Ref ID: 18566
Author:
S.P. Yadav, A. Sachdeva
Author address:
Sir Ganga Ram Hospital (Delhi, IN)
Full conference title:
Annual Meeting of the EBMT, 38th
Abstract:
Introduction: There is lack of data for pediatric allogeneic stem
cell transplant (allo-SCT) from a developing country like India.
We describe here our experience of allo-SCT programme at Sir
Ganga Ram Hospital, a tertiary hospital in North India.

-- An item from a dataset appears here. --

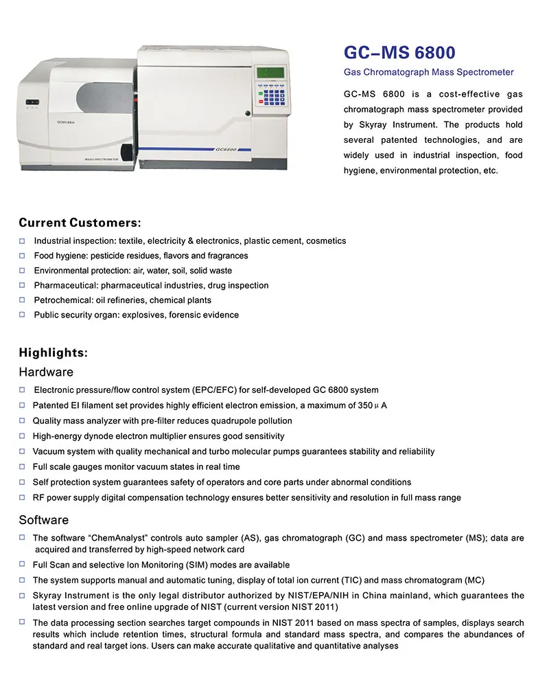 | ຄວາມອ່ອນໄຫວ | ສະແກນເຕັມ, 1pg OFN ທີ່ m/z 272 ດ້ວຍ S/N ≥30:1 (RMS) |

Patients and Methods: A retrospective analysis of all children who underwent allo-SCT from Jan 2008 to Oct 2011 was
done.
Results: A total of 28 children (17 males and 11 females) underwent allo-SCT. The mean age was 11.2 years (11 months-18
years). The indications were Thalassemia-13, Aplastic anemia-6,
Acute myeloid leukemia (AML)-3, Acute lymphoblastic leukemia-
1, Juvenile myelomocytic leukemia-1, Familial Hemophagocytic
Lymphohistiocytosis (HLH)-2, Fanconi Anemia-1, Hurler syndrome-1. Donors were HLA-matched sibling-23 and unrelated
cord blood-5. The source of stem cells was peripheral blood
(PB)-11, bone marrow (BM)-12 and cord blood (CB)-6. One patient received CB and BM from same sibling. 23 patients underwent myeloablative transplants and 5 had reduced intensity
conditioning (HLH-2, Thalassemia-1, AML-1, Fanconi-1). Three
donor lymphocyte infusions were given to one patient. Neutrophil engrafted in 26 patients at a median of 14 days (range 11 to
44). Four patients had rejection (Thalassemia-2, aplastic-1, Fanconi-1) but all are alive with disease. Eighteen patients (64%) are
alive and disease free at a median follow-up of 253 days (65-591
days). Day-100 mortality was 3/28 (11%). Cause of death was
Graft vs. Host Disease (GVHD)-1, Veno Occlusive Disease-
1 and Candida meningitis-1. Three patients died post day-100
due to relapse-1, cytomegalovirus-1 and aspergillus-1. Engraftment syndrome was seen post CB transplant in one child.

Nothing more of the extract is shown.